TAUGHT BY: MCKINNON, ROBERT

SECTION: B

CRN: 7829

Credits: 3

Course Description:
COLLAB: REDESIGNING THE AMERICAN DREAM: The Brookings Institution’s Isabel Sawhil one of the world’s leading experts on social mobility, once said, “On one hand, people need the American Dream because it offers people hope. On the other hand, we’re really telling a very limited story about what it takes to get ahead.” The repercussions of this dichotomy can be felt throughout society. While hard work certainly makes success possible, it doesn’t make it probable. Yet the prevailing narrative and beliefs suggest that anyone who works hard can “make it”, regardless of background or life experience.
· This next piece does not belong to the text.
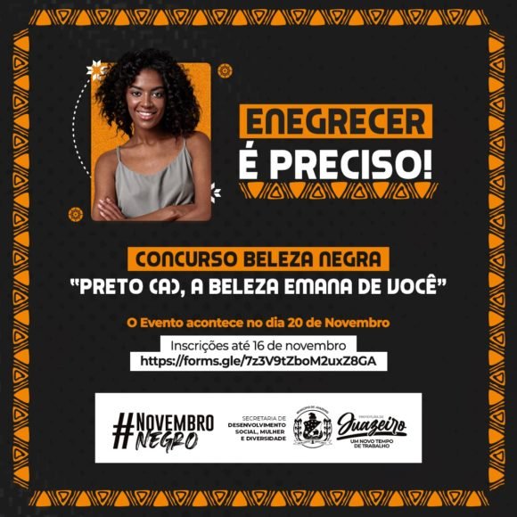 O Concurso Beleza Negra – ‘Preto (a), a beleza emana de você’ visa escolher a mais bela negra e o mais belo negro de Juazeiro, que representará a cidade no Concurso Beleza Negra da Bahia. As candidatas e candidatos podem se inscrever através do endereço eletrônico https://forms.gle/7z3V9tZboM2uxZ8GA, até o dia 16 de novembro.

As a result, we don’t fix the failing schools because someone can point to a few kids who made it out. We don’t support policies and programs that have proven to provide opportunities for a better life. We don’t address the underlying issues of inequality because too many believe this is fundamentally a meritocracy. If we want to engage people on issues like poverty, inequality and opportunity, then we must design new ways to bring them into the conversation and tell a different story about the American Dream. In this co-lab, we will start by examining the sociological and psychological underpinnings of the American Dream. This will involve reviewing both large scale studies on economic mobility and smaller projects exploring sociological concepts such as fundamental attribution bias. We will also discuss predominate American Dream narratives in culture ranging from literary works such as Horatio Alger to Emerson’s Self-Reliance, to films like as Rocky and Steve Jobs and music from Dr. Dre and the musical Hamilton. Leveraging learning and building off the success of Your American Dream Score, a joint initiative of the Ford Foundation and PBS’s flagship station, WNET, students will then design tools, products and media that can challenge and reshape the limiting narrative of the American Dream. Specifically students will be asked to either work independently or in groups to produce a media project – in the form of writing, creating audio/video assets, crafting a social media campaign, or developing an app, work of art or live event. The media is secondary to the application of key tenets proven to be able to reshape this critical narrative.

Open to: All university undergraduate students.